Databases are ubiquitous, but are also seen as contributing to 'information overload'. We must reconsider why people need databases, or, more in particular, data to be retrieved from the databases.
We need data to make decisions.
We can exploit the definition implied by Shannon in his Information Theory in 1949, that information is novel, i.e., previously unknown to its receiver and hence can lead to action. The making of decisions means making a choice among alternatives, and having more information helps in assessing the cost and benefits of the alternatives. Information hence also reduces risk, because it becomes less likely that alternatives with poor benefit/cost ratios will be taken.

Today's databases do not support the decision making processes directly. Decision making is typically preceded by a planning activity, in which alternatives are developed, assessed, and pruned. Databases of various flavors can contribute, but human and artificial intelligence are needed to help in selecting the data, summarizing them in the forms needed for the decision to be made, merging the results with other sources, and attaching the resulting information to a branch of the tree of alternatives. The decision tree is rarely fully under our control; for every action of ours there are likely to be reactions by the other parties, and we need intelligence to enumerate those branches and assign probabilities and costs to them.

There is already one crucial difference: whereas past data should report a consistent history, there are many possible futures. An information system must be able to deal with forward projections: costs and benefits of todays and tomorrows actions into the futures. That means that information systems must deal with multiple future worlds. Using relational terms, every tuple must be stamped with a projected time and a label identifying the alternate world. At every decision point at least one more alternate world is created. If one decision applies to multiple alternatives, then that many future worlds will be created. The possible reactions that we enumerate create yet more.

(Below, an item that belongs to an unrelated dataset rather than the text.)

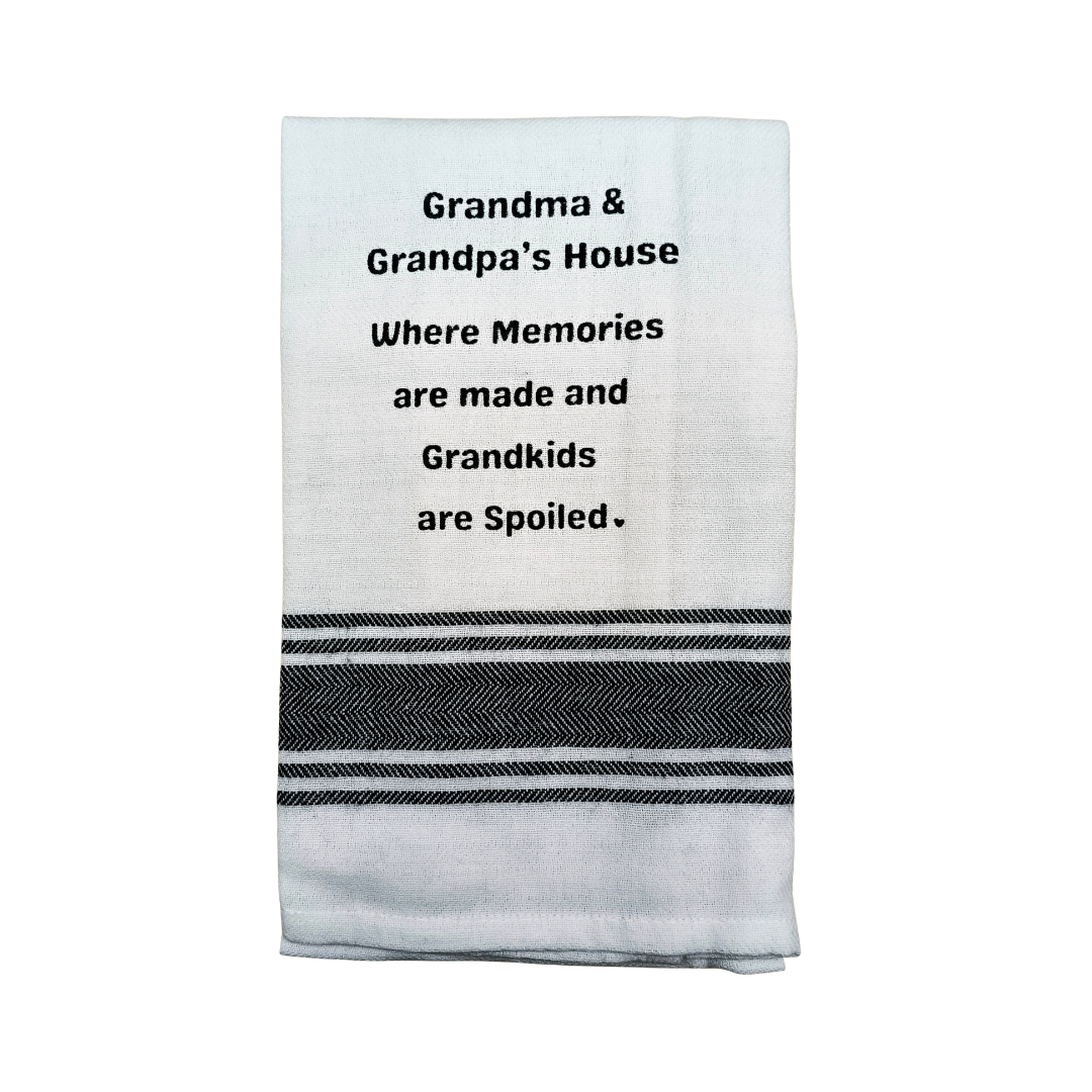 Tea Towel – Grandma and Grandpa’s House Where Memories are Made and Grandkids are Spoiled (100% Indian Cotton) 40x70cm

It is obvious that dealing with planning information requires new engineering concepts. Data for these multiple worlds is highly redundant, and must be represented effectively. Each world must be identified with a sequence of actions and reactions, and, when one of them changes, must be rapidly recomputed. To assess alternative actions it must be possible to summarize, across one point in future time, the benefits and costs incurred, and risks remaining in the future beyond. The summarization must also identify which world is best, so that the best actions can be determined. Note that a MAX-function by itself is inasdequate. Some spreadsheets today permit recording of several alternatives, but their matrix representation limits the complexity that can be represented and hence assessed.

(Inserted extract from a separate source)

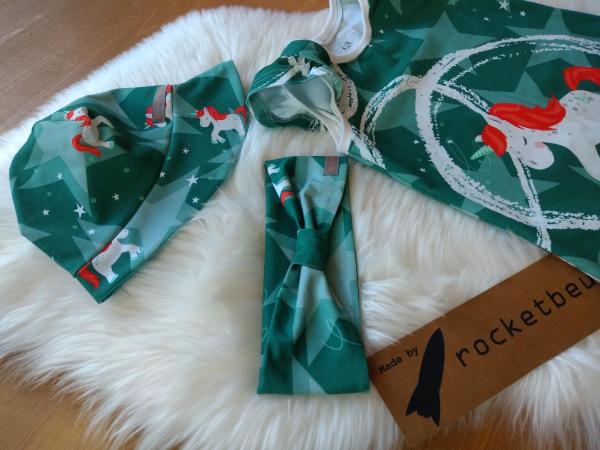 Dazu gibt es einen Sommerhut aus Jersey und ein Haarband ebenfalls aus Jersey.
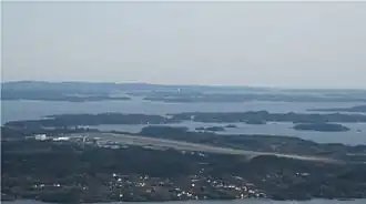 Planning of an airport with an airstrip took place during the 1930s. A series of public institutions made various reports between 1931 and 1938, which largely recommended Flesland as a location, which was at the time located in the then independent municipality of Fana. The main alternative was Herdla, an island northernmost in Askøy, which was first recommended in 1933. The main disadvantage with Flesland was the topography and that it would not be possible to build longer runways than 800 and 850 meters (2,620 and 2,790 ft), respectively. A municipal committee recommended therefore in 1938 that Herdla be chosen, to be jointly financed by the state and the municipality[3]: 40

If databases are to move closer to applications in planning and decision making they must be engineered to serve information needs. In addition to dealing with the demands to manage more and more varied data, as discussed above, we will list here some technological hurdles that information systems must address in the next decade.

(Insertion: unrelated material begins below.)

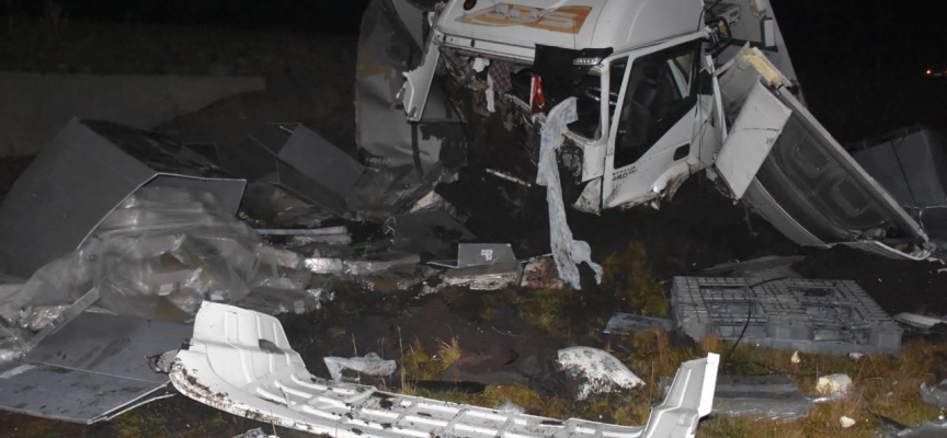 Çarpışmanın etkisiyle tır karşı şeride geçerek şarampole devrildi.

  • Temporal algebras that permit aggregation, analysis, and projection from the past into the future.
  • Concurrent management of multiple future worlds.
  • Application of planned actions to all relevant future worlds.
  • Rapid recomputation of future worlds based on recent factual observations.
  • Assignment and computation of probabilities over the tree of future worlds.
  • Evaluation functions that can assess probabilities and multi-factor costs and benefits of future worlds at remote points in time
  • Efficient pruning of future worlds, based on automatic or computer-assisted human evaluation.
  • This list cannot be exhaustive, but provides a direction for research to help move the success of database technology into the needs of the application world. This direction should not be isolated from ongoing research in dealing with the larger volumes, distribution, and heterogeneity of data we encounter. However, without a focus on the actionable benefits of data, just supplying more and fancier data to the end-user will create overload and frustration. Databases and their abstract models have largely removed the frustration of dealing with programmer controlled files, and replaced them with effective data services. Understanding, abstracting, and modeling information requirements can lead to a new level of services.